### Exercise goal
From the line containing "Le logement dispose" through the last line of the data, both ends included, write out every line exactly; omit the pictures.

Data items
___
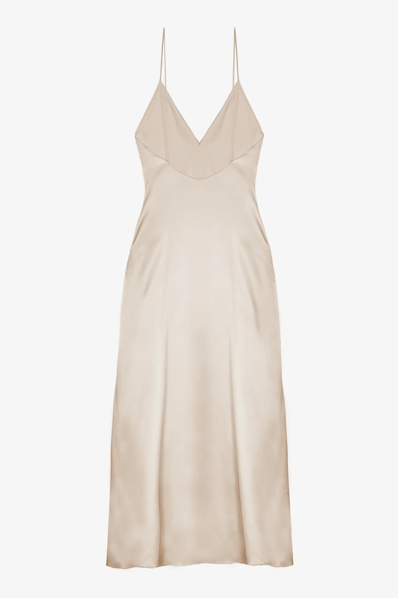 La Sottoveste lunga fino ai piedi in raso di seta color pastello con profondo scollo a V sul décolleté ha una profonda scollatura sul retro che scopre la schiena.
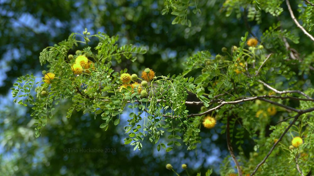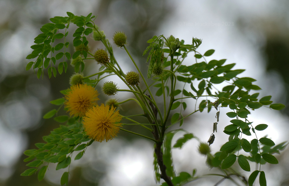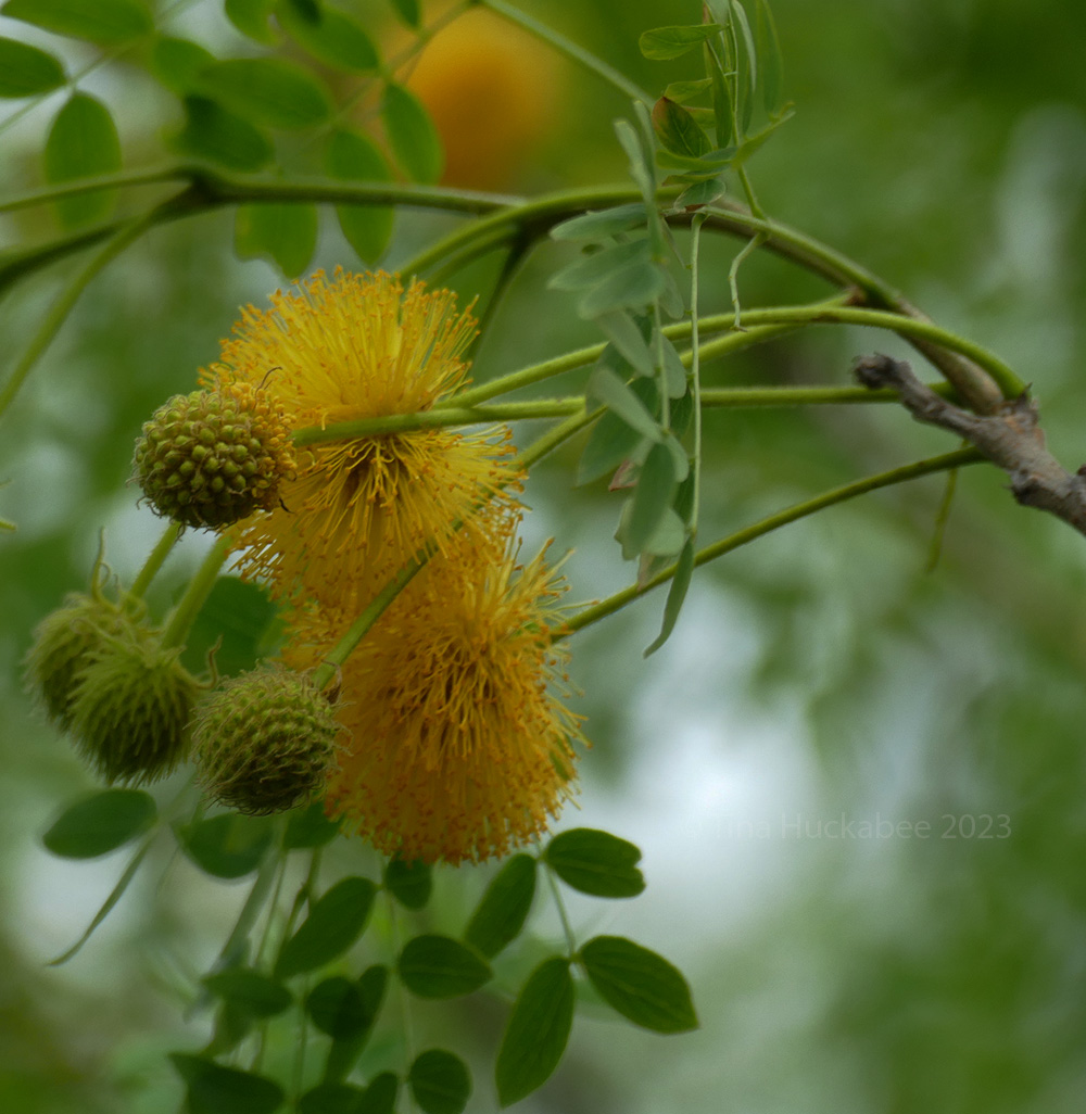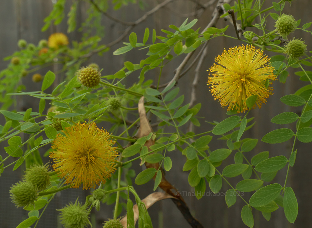 Spring is progressing apace, new foliage and flowers appearing, posthaste. My diverse garden community offers varied, interesting blooms, each with their own timeline for appearing, each with their own story and role in this ecosystem. Puffy and playful, the fuzzy spring looms of the Goldenball Leadtree, Leucaena retusa, are glorious golden decorations in a shady part of my garden
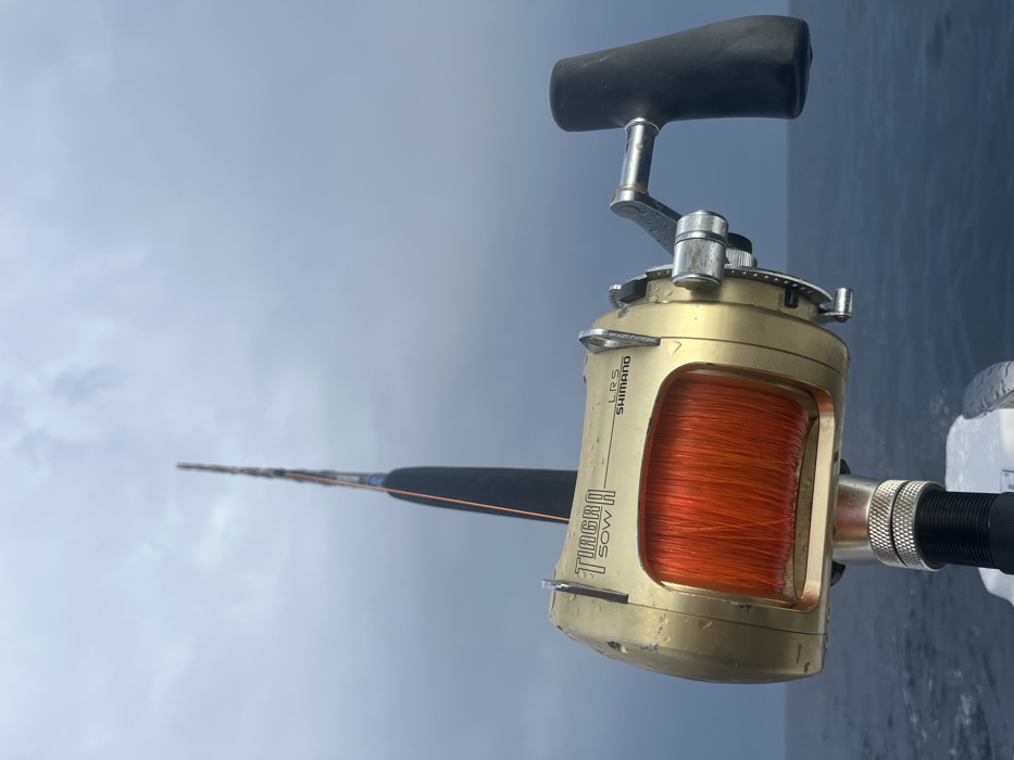 A close-up captures a gold Shimano Tiagra 50W fishing reel filled with orange line, mounted on a black fishing rod. The reel's handle is black. The background is a blurry mix of the sky with overcast, and the ocean. The reel's details, like the lettering and the line winding around the spool, are clearly visible.
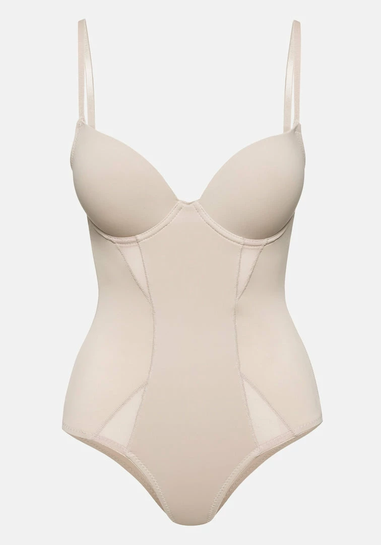 Classic bodysuit with a slimming effect and mesh cut out details. Adjustable straps and hook closure in back.
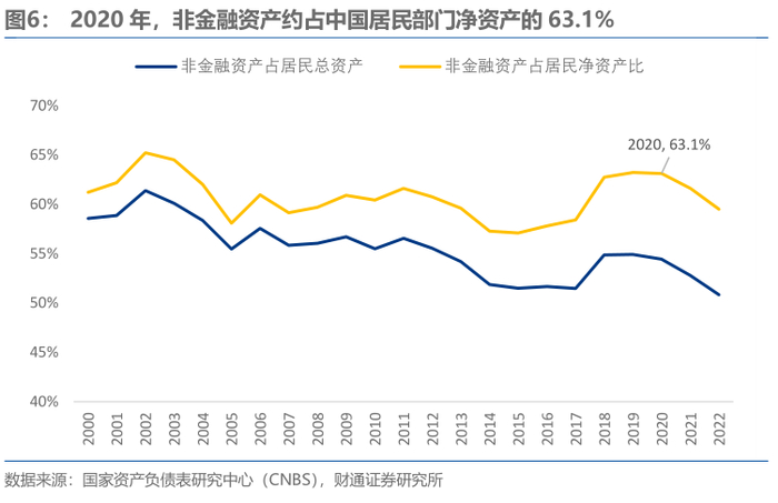 而截至2020年,非金融资产在中国居民部门净资产中的占比约为63.1%,房地产恰好又是我国居民部门最主要的资产,使得过去四年房价下跌的过程中,居民消费受到了较大的拖累。
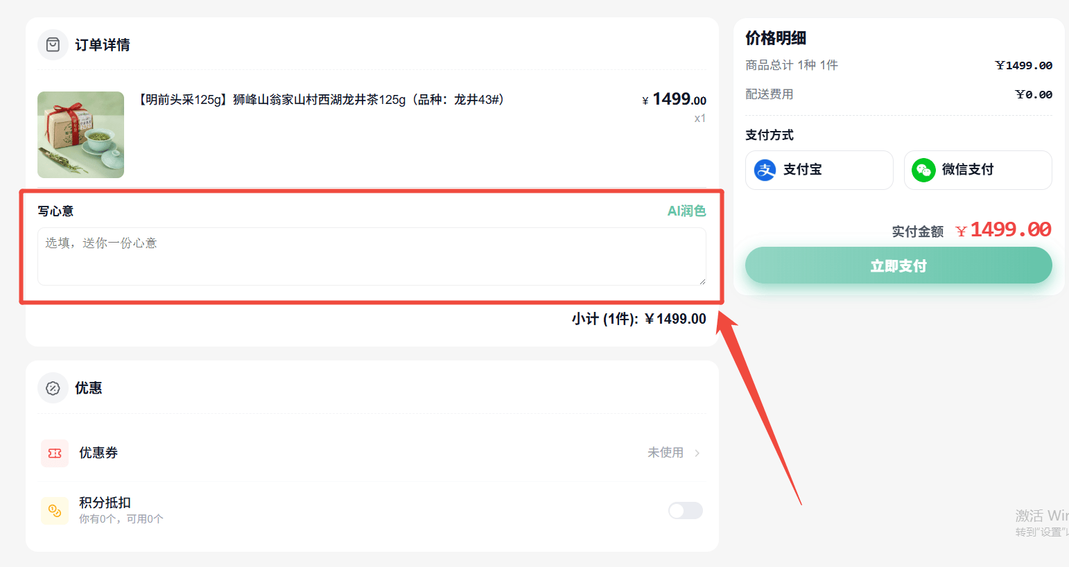 进入订单页后,您会看到一个专属的【写心意】文本框。在这里,您可以留下对亲友的问候。
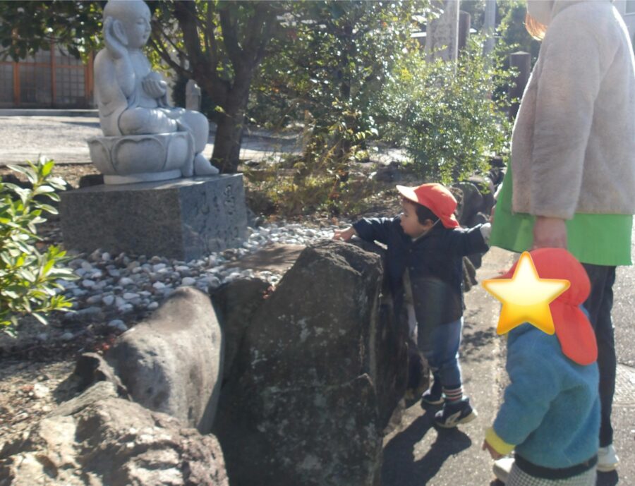 お地蔵さんにも「こんにちは〜」とご挨拶![]()
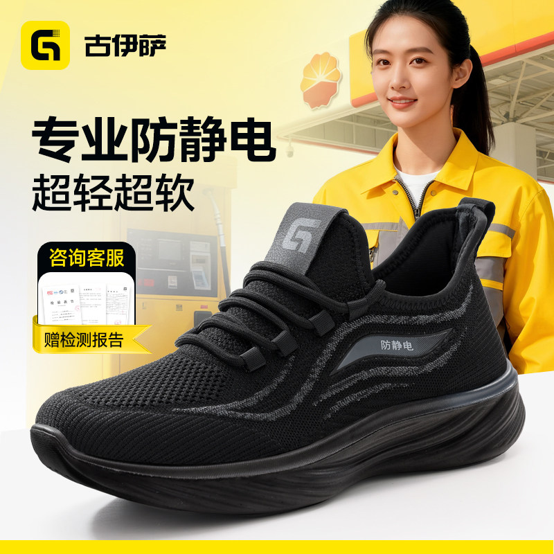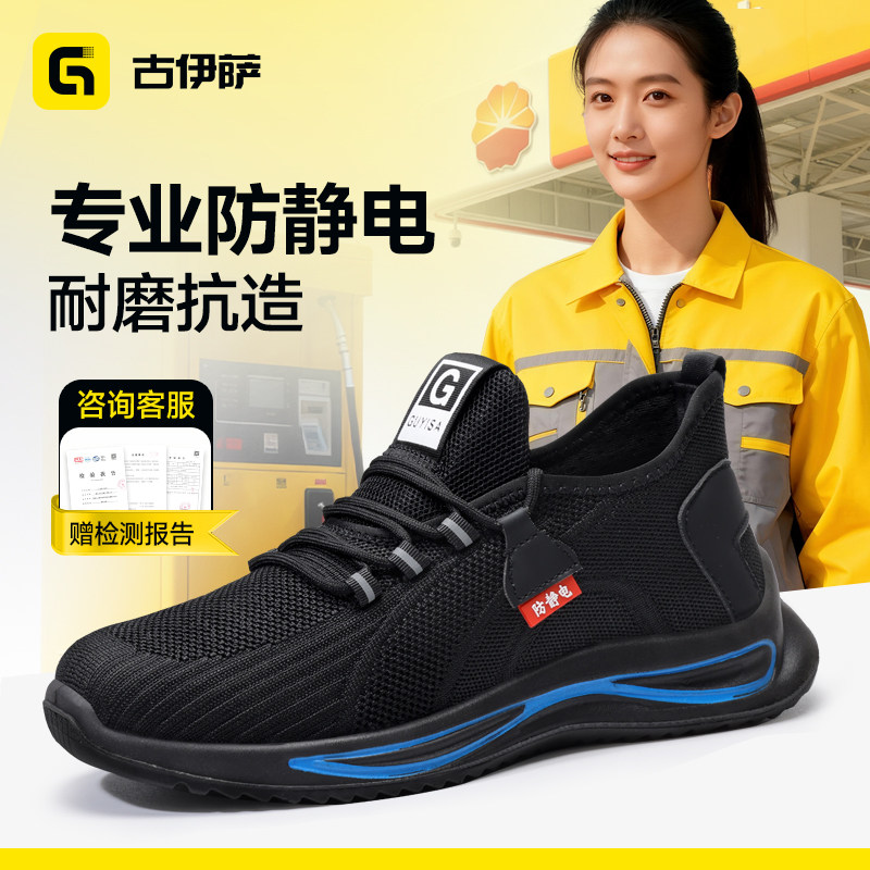 古伊萨防静电鞋女款士夏季透气加厚软底轻便男士中国石化加油站鞋
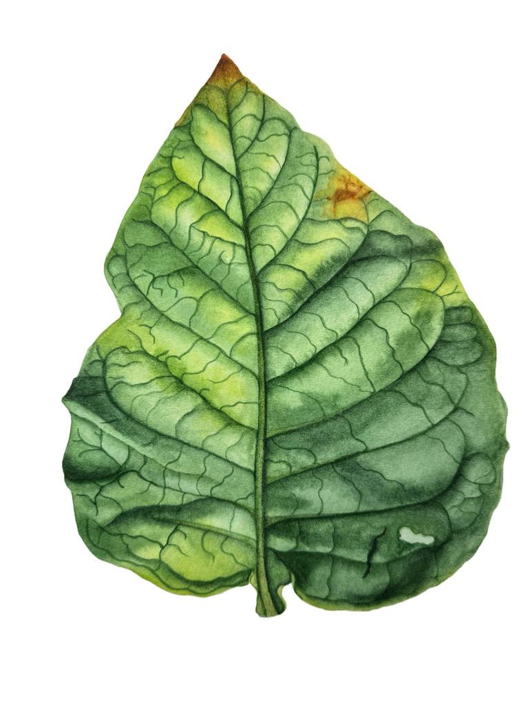 Tobacco Leaf. Watercolor on 100% hot pressed cotton paper. Tobacco leaves are very beautiful for painting due to its ability to change their vibrant colors while in a drying process. I wanted to capture all the beautiful colors and the leaf lines, as well as the death and the texture of the subje...
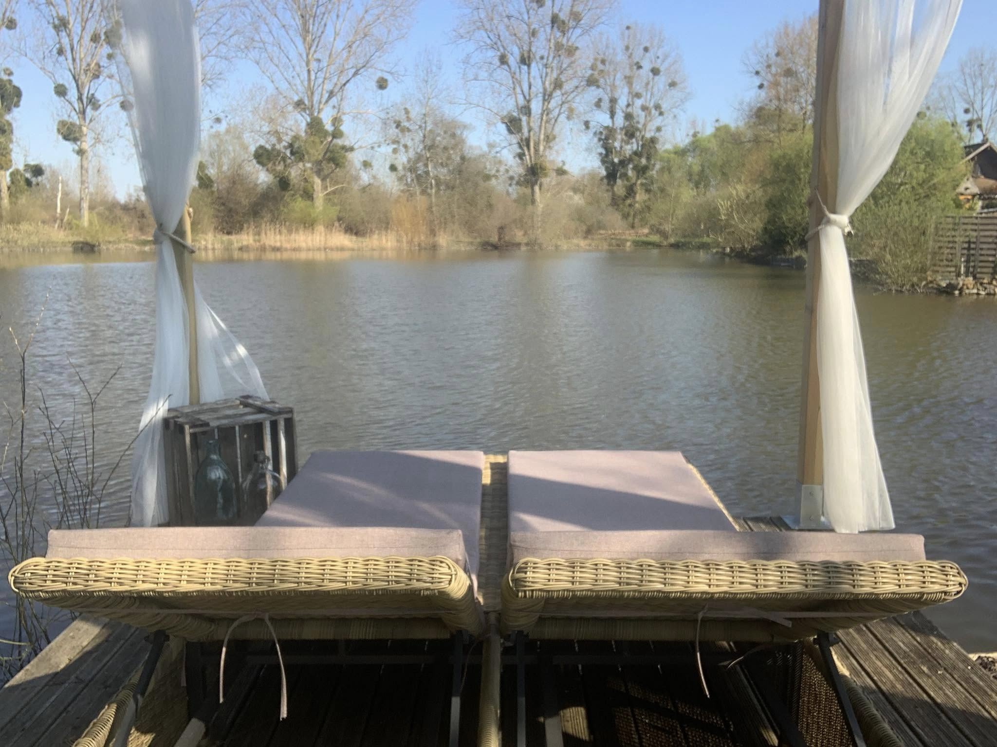 Le logement dispose d’un jacuzzi extérieur avec jets massants et jets d’air, ainsi que d’un salon de jardin offrant une vue splendide sur l’étang, accessible à la pêche.
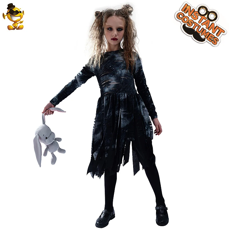 Halloween Girl Zombie Dress Costumes Performance Kids Black Ghost Zombie Dress Cosplay Clothes
___
### Solution below
 Le logement dispose d’un jacuzzi extérieur avec jets massants et jets d’air, ainsi que d’un salon de jardin offrant une vue splendide sur l’étang, accessible à la pêche.
 Halloween Girl Zombie Dress Costumes Performance Kids Black Ghost Zombie Dress Cosplay Clothes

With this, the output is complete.